## What the exercise asks
An acceptable answer repeats exactly the line containing "Pulsera realizada en" and all lines that follow it in the listing below, and it includes no pictures.

## Data
******************************

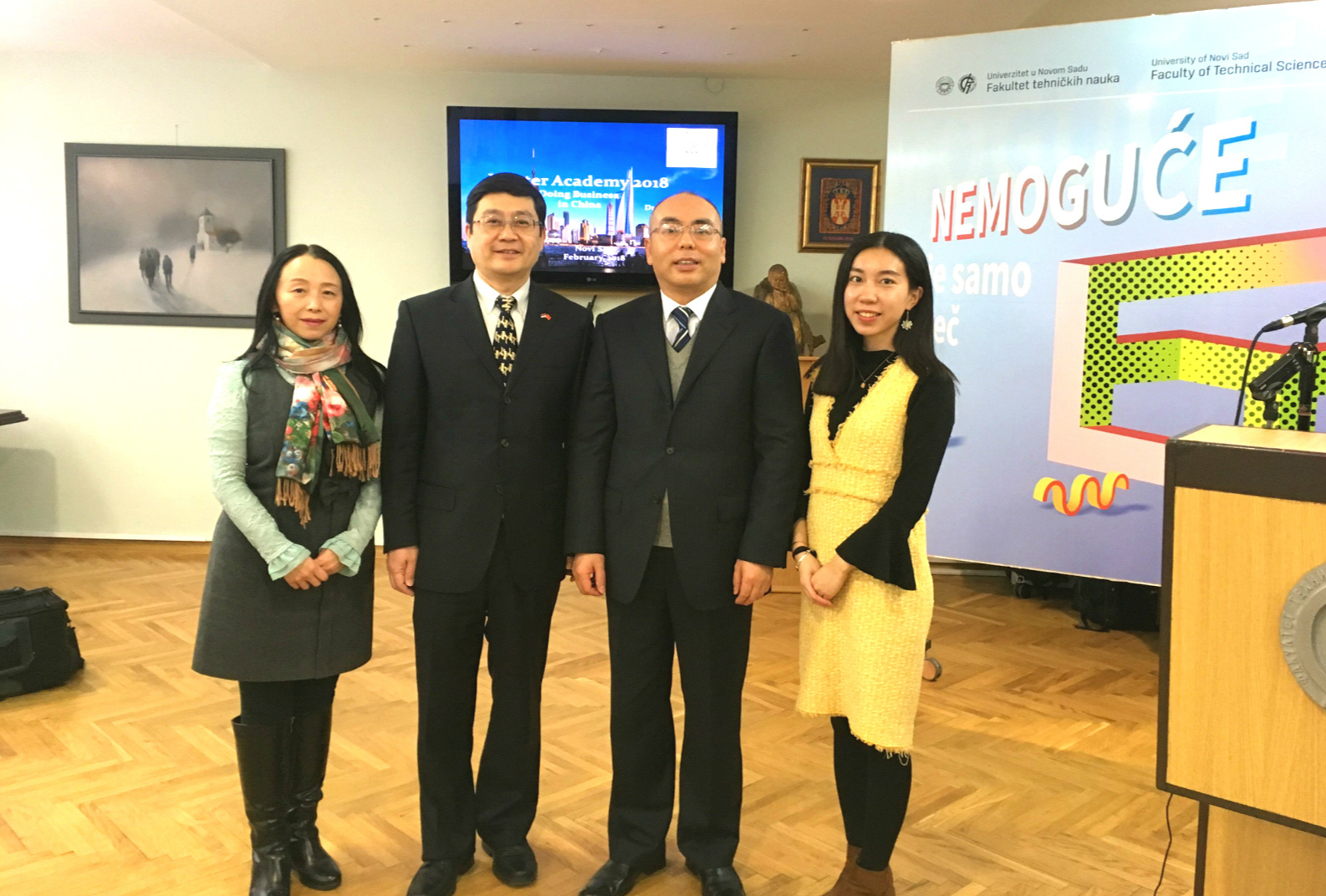 會議期間 “一帶一路”研究院負責人尼古拉·茲武拉克(Nikola Zivlak)博士作了“在中國做貿易”的主題演講,從近年來中國的變革、中塞友好合作等方面展開。特別贊揚了諾大孔院為去年9月“16+1”第五屆中國—中東歐國家教育政策對話會議在諾大的成功舉辦所付出的辛勤工作,感謝諾大孔院參與設計 “一帶一路”研究院的院標(logo)。
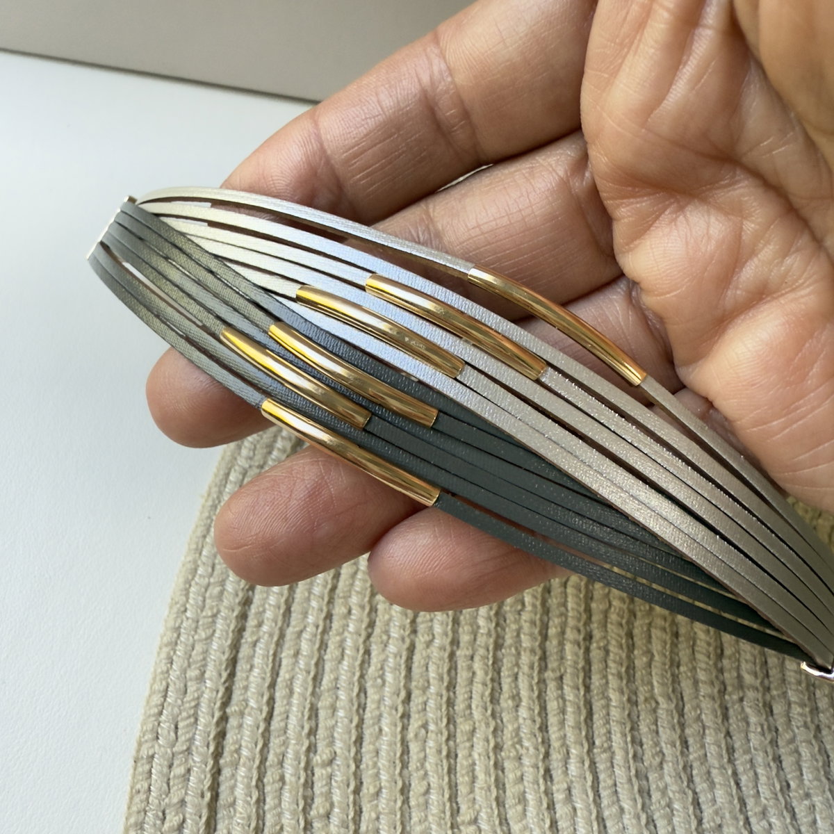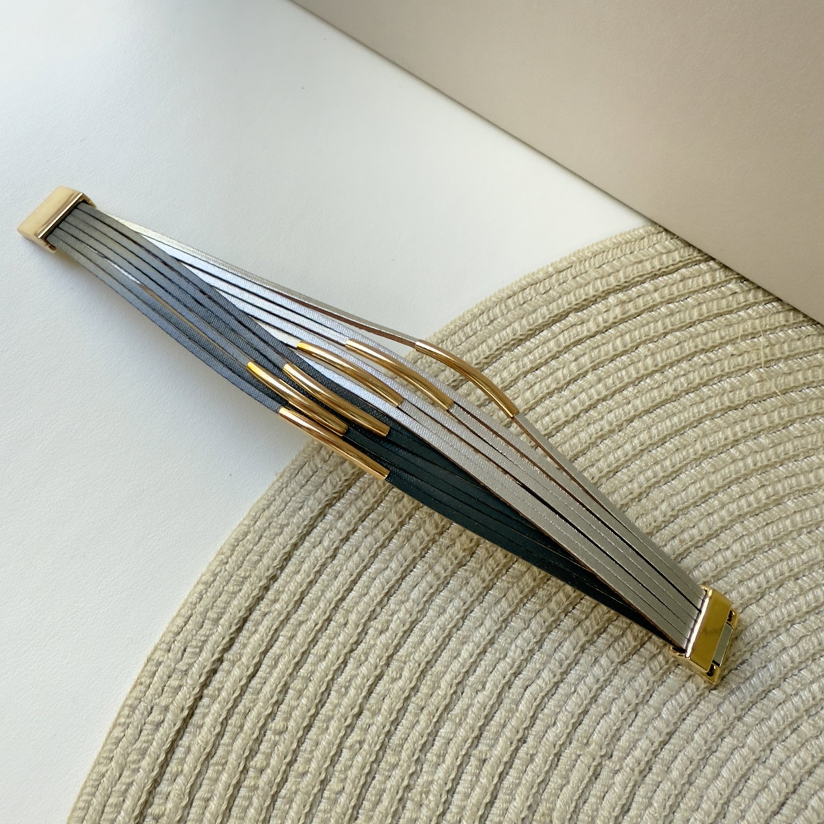 Pulsera realizada en una audaz combinación de tiras finas en ecocuero en color platino y negro con detalles de tubos dorados/rosé en algunas de esas tiras. Los extremos están rematados por cierres magnéticos también en color dorado/rosé
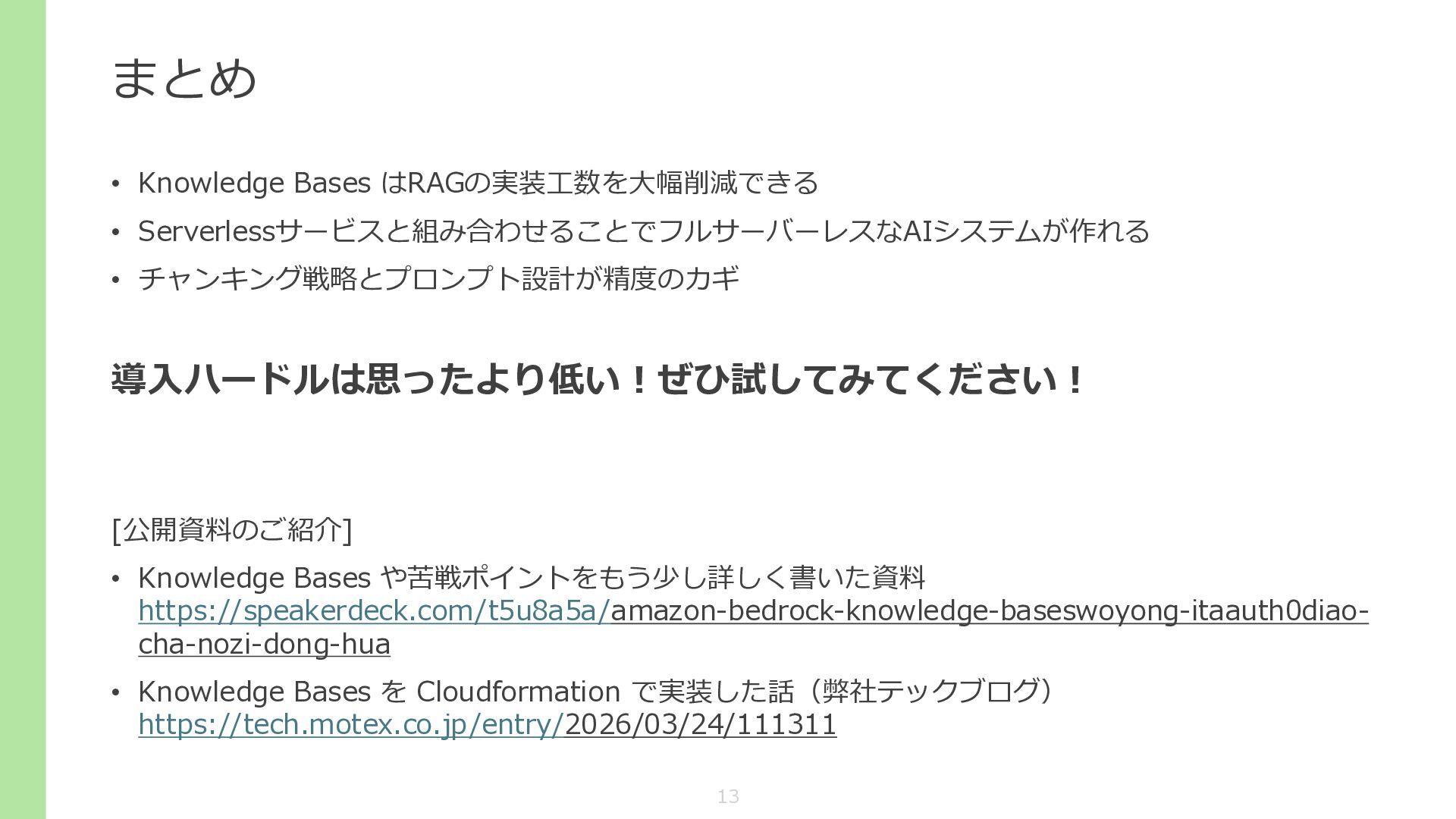 まとめ • Knowledge Bases はRAGの実装工数を大幅削減できる • Serverlessサービスと組み合わせることでフルサーバーレスなAIシステムが作れる • チャンキング戦略とプロンプト設計が精度のカギ 導入ハードルは思ったより低い!ぜひ試してみてください!

******************************

## Answer section
 Pulsera realizada en una audaz combinación de tiras finas en ecocuero en color platino y negro con detalles de tubos dorados/rosé en algunas de esas tiras. Los extremos están rematados por cierres magnéticos también en color dorado/rosé
 まとめ • Knowledge Bases はRAGの実装工数を大幅削減できる • Serverlessサービスと組み合わせることでフルサーバーレスなAIシステムが作れる • チャンキング戦略とプロンプト設計が精度のカギ 導入ハードルは思ったより低い!ぜひ試してみてください!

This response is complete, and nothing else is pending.